1. Inhalt
  2. Navigation
  3. Weitere Inhalte
  4. Metanavigation
  5. Suche
  6. Choose from 30 Languages

Deutschlehrer-Info

Studie sagt Schüler-Boom voraus

Dank höherer Geburtenraten und Zuwanderung wird die Zahl der Schüler in Deutschland in den nächsten Jahren deutlich ansteigen. Das widerspricht allen bisherigen Prognosen und stellt die Schulen vor große Aufgaben.

Die Schülerzahl soll nach einer Studie der Bertelsmann-Stiftung bis 2025 um vier Prozent, bis 2030 um acht Prozent auf 8,6 Millionen steigen. Bisher ging man nach Berechnungen der deutschen Kultusministerkonferenz davon aus, dass die Schülerzahl bis zum Jahr 2025 auf 7,2 Millionen sinken werde Doch diese Prognosen erweisen sich laut der Studie nun als falsch: Zum einen sind die Geburtenzahlen in Deutschland in den letzten fünf Jahren stetig angestiegen, zum anderen steigt die Zahl der Schüler auch durch die in Deutschland aufgenommenen Geflüchteten. Allein im Zeitraum 2015 - 2016 kamen 300.000 geflüchtete Schüler an deutsche Schulen.
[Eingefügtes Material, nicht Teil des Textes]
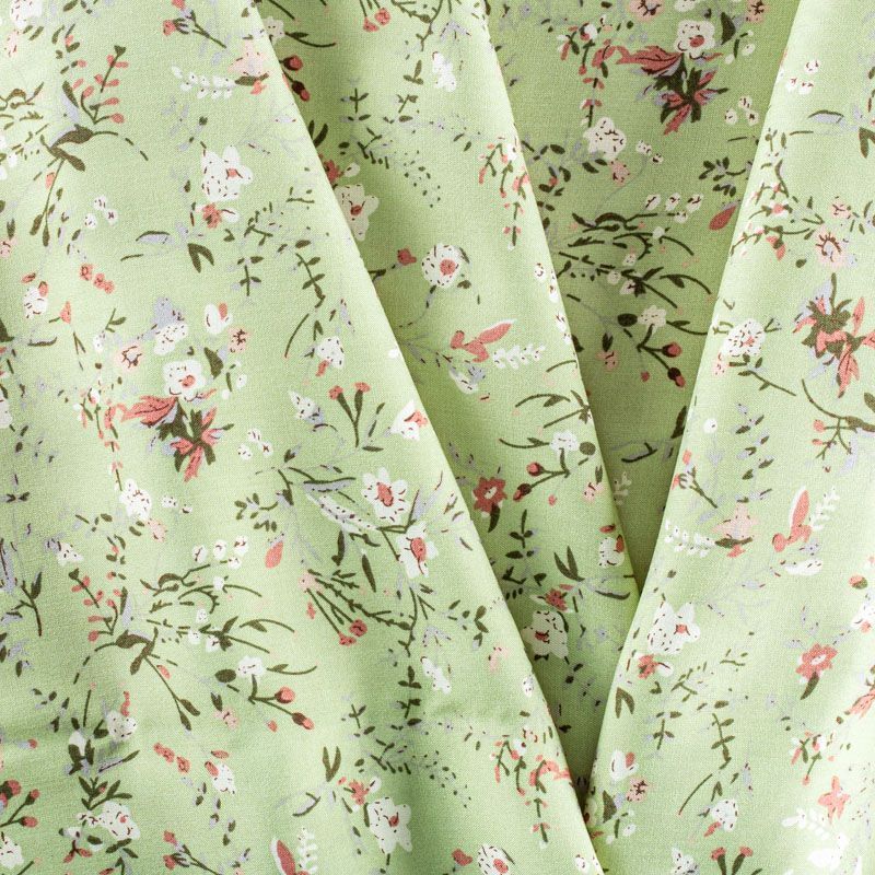 Плательно-блузочный штапель с цветочным принтом на зеленом фоне. Мягкий, тонкий, нежный, пластичный, приятный на ощупь, хорошо драпируется, практичный. Подойдет для пошива платья, топа, блузки, рубашки, юбки, летних брюк.

Es drohe ein dramatischer Engpass an Lehrern und Gebäuden, warnte die Stiftung. Die Schulsysteme seien auf den neuen Boom nicht vorbereitet. Die Studie berechnet, dass 2030 über alle Schulstufen hinweg rund 28.000 zusätzliche Klassen und rund 43.000  zusätzliche Lehrer gebraucht werden. Auf Länder und Kommunen kämen pro Jahr 4,7 Milliarden Euro höhere Bildungskosten zu.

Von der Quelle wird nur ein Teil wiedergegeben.